Police investigate 'foot-and-mouth for sale' offer
Police are investigating after a UK farmer was offered the chance to buy a sheep infected with foot-and-mouth disease for Stg£2,000.
Dyfed Powys police have contacted Nuala Preston, 39, of Trefoel Stud Farm in Newport, Pembrokeshire, after she received a telephone call from a man who offered to sell her the infected sheep.
She said he told her the animal could be used to spread the disease among her flock so that she could claim compensation.
A spokeswoman for Dyfed Powys Police said: "We have contacted the farmer involved and we are now investigating the source of the phone call."
Ms Preston said several farmers in Pembrokeshire had received similar offers and has urged them to come forward. She said she was "horrified and angered" by the phone call.
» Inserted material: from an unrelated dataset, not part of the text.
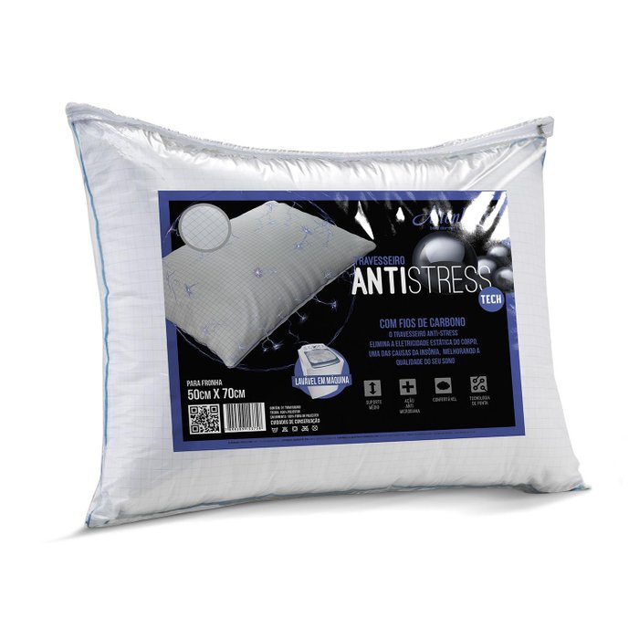 Descrição Travesseiro Altenburg Antistress Branco - 50cm x 70cm A Coleção O Travesseiro Antistress possui fios de carbono na estrutura do tecido que agem na condução da energia eletrostática do corpo, acumulada durante o dia, principalmente, na região da cabeça, pescoço e ombros; uma das causas da insônia. O princípio antiestático do fio de carbono conduz a energia eletrostática do tecido ao ar, neutralizando a energia conduzida ao travesseiro. Com suporte médio, indicado para quem dorme de costas, garante uma qualidade de sono restauradora e relaxante. Características Conteúdo: 1 Travesseiro Antistress Tamanho: Padrão Dimensões: 50cm x 70cm Suporte: Médio Enchimento: 100% fibra de poliéster Tecido: 100% poliéster Posição de dormir: para quem dorme de costas CARACTERÍSTICAS EXTRAS: Elimina a eletricidade estática do corpo Ação antimicrobiana Tecnologia de ponta

Ms Preston, who has 45 ewes, 10 cattle and breeding ponies at her farm, said desperate farmers could be tempted to take up the offer in an effort to get enough compensation to pull them back from the brink of bankruptcy.
In Cumbria, rumours have been circulating since the start of the foot-and-mouth outbreak that farmers were deliberately infecting animals with the disease to claim compensation, a spokeswoman for the Department of Environment, Food and Rural Affairs said.
She said rumours included sheeps' tails and cows' tongues from infected farms being offered to owners of healthy livestock.
"We take these allegations very seriously," she said. "If anyone has any evidence, please let us know. This is deliberate fraud and it would eventually be a police matter."
Ian Mandle, group secretary for the National Farmers Union in north Cumbria, said: "Rumours have been rife about this for weeks now. But there is no concrete evidence. I don't think there is any farmer who would deliberately infect their animals."